Surely, their matchups were formative as they both prepared for the NFL. Gilmore was the 10th overall pick in 2012, Jeffery the 45th overall. They have had prolific careers, with Jeffery logging five seasons with 800 receiving yards or more and Gilmore making two Pro Bowls and nabbing his first Defensive Player of the Month award this October. He should be a front-runner to win Defensive Player of the Year, too.
Gilmore can no longer count the number of matchups he’s had with Jeffery, but the cornerback has spent this week studying their most monumental matchup: Super Bowl LII. Jeffery and the Eagles defeated Gilmore’s Patriots — though Gilmore didn’t allow Jeffery to catch a single pass against him. New England started the game with cornerback Eric Rowe on Jeffery, but when the wideout quickly managed three catches for 73 yards and a touchdown, the Patriots made the switch and reunited Gilmore with his old friend — and, simultaneously, his longstanding bitter rival.
“I couldn’t let him have no bragging rights against me. Little flashbacks (to South Carolina). It was fun,” Gilmore said. “It’s a hard one. Sometimes it don’t go your way, but it’s all love. I’m happy for him. He talked a little trash, but it’s all love.”
He added: “You watching the game and you’re learning from it. … It’s not a good feeling. There’s nothing you can do about it. Just try to not let it happen again, not lose again.”
Gilmore and Jeffery seemed to have a few traditions as friends, like taking the first one-on-one every day at South Carolina. Another one: They don’t talk in the week leading up to a matchup. During Super Bowl week in February 2018, they didn’t call, didn’t text and didn’t speak.
“I haven’t talked to him this week,” Jeffery told reporters in Minnesota. “I’m pretty sure he feels the same way. It’s nothing on purpose. I play for the Eagles. Ain’t no friends. None of that. It is what it is.”
So as they prepare for another matchup, the tradition is back on.
“Not this week, no not this week,” Gilmore said when asked about communicating with Jeffery. “This week I’m just trying to go there and compete against them.”
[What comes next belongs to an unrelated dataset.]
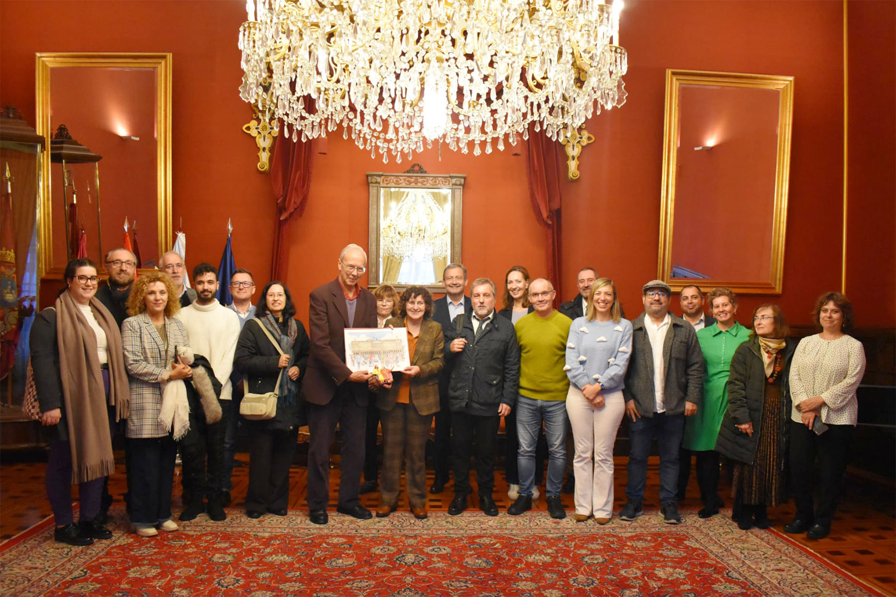 Die Vertreterinnen und Vertreter der Europäischen Presse Clubs beim Empfang im Rathaus von Santiago de Compostela als Gäste von Bürgermeisterin Goretti Sanmartin Rei (Mitte) im November 2023.
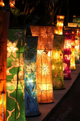 lantern, festival, bricolage, illuminated, procession, night time, display, family, create, large, light, event, traditional, culture, activity, atmosphere, colourful, glow, design, craft, hand-made, paper, string, pattern, flower, silhouette, nature, environment, scenery, landscape, mood, tranquil, peaceful, serene, magical, whimsical, romantic, cosy, warm, festive, joyful, community, gathering, aglow, handcraft, ceremonial, ritual, folklore

Jeffery is slogging his way through a down year of production (34 catches, 353 yards, 3 touchdowns), and missed practices with an ankle injury this week. Gilmore, meanwhile, has established himself as one of the best cornerbacks in the league. Perhaps this time, the matchup doesn’t look quite as even as it did in 2009 or in Super Bowl LII. Still, if Gilmore is assigned to cover Jeffery, it’s easy to imagine eyes naturally straying to their contest, which may look a bit like a fight between brothers.